= Dorah Ilunga =

Belgian politician

Dorah Ilunga (born June 28, 1968) is a Belgian politician of Congolese origin. She is the first black female échevin in Belgium.
She is a member of the Socialist Party.

== Career ==
Born in Kinshasa, Democratic Republic of the Congo, Dorah Ilunga arrived in Belgium in 1986 for study without the intention of settling there. After earning a first degree in food, then a degree in science work from the Université libre de Bruxelles (ULB), she obtained a first job in a defense association of different interests, including all matters relating to citizenship. Then she coordinated several projects for development cooperation before entering the local mission of the Brussels municipality of Saint-Josse where she led a project for the integration of foreign-born minorities and another project of social cohesion.

Dorah handled worked on youth employment, training and other support for the unemployed plans. Meanwhile, after the municipal elections of 2000, she was appointed Advisor to CPAS (Public Centre for Social Welfare) of the municipality of Saint-Josse-ten-Noode where she served on the commission for granting the subsistence (minimum wage). Then joined the municipal council as first black échevin, a position she held until 2006. "It was not always obvious" is she recalls. "At the beginning, relationships are often based on fears and everyone inside wonder how to behave. Nevertheless, little by little, things settle. In short, I behaved in pioneering and so I had to fight. My situation was much more difficult than my mistakes have tarnished the image of the entire community that I come from."

==Controversy==
===December 2016===
On December 26, 2016, a 6-year-old boy was hospitalized after standing for hours in the cold on a balcony as punishment by his stepfather.
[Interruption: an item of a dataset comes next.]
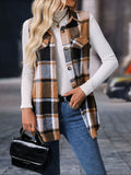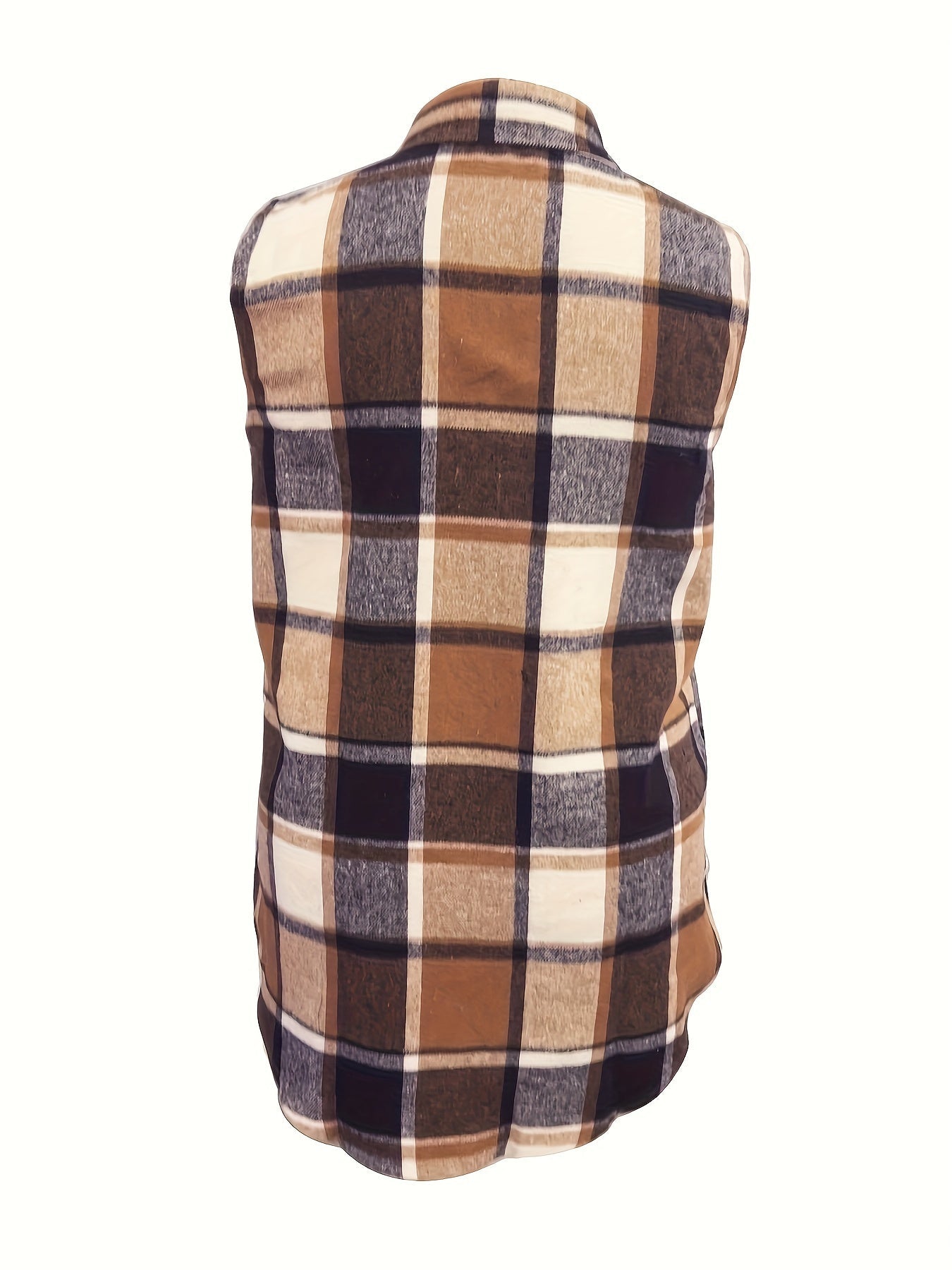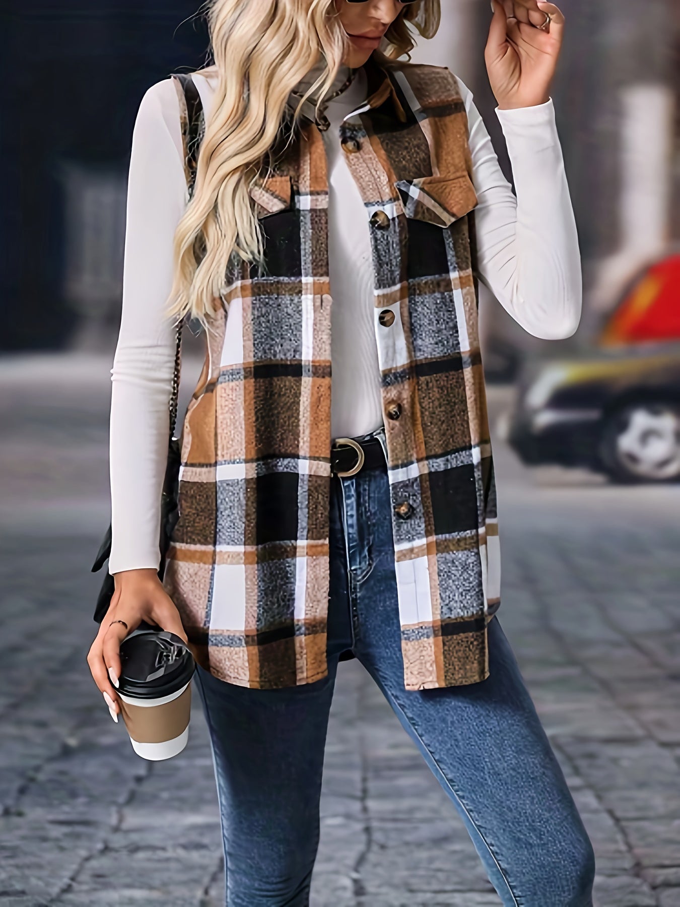 Sale Women's Casual Plaid Print Tunic Vest Coat

The apartment where the events occurred appeared to be the official address of Dorah Ilunga. She also is the mother of the man who left the child in the cold.
This case raised questions about the official home address of Mrs Ilunga. As she is supposed to be living with her mother in a social housing in the municipality, there is a strong indication she has given a false address and committed address fraud.

===October 2023===
In October 2023, there was a public outcry on her expense notes.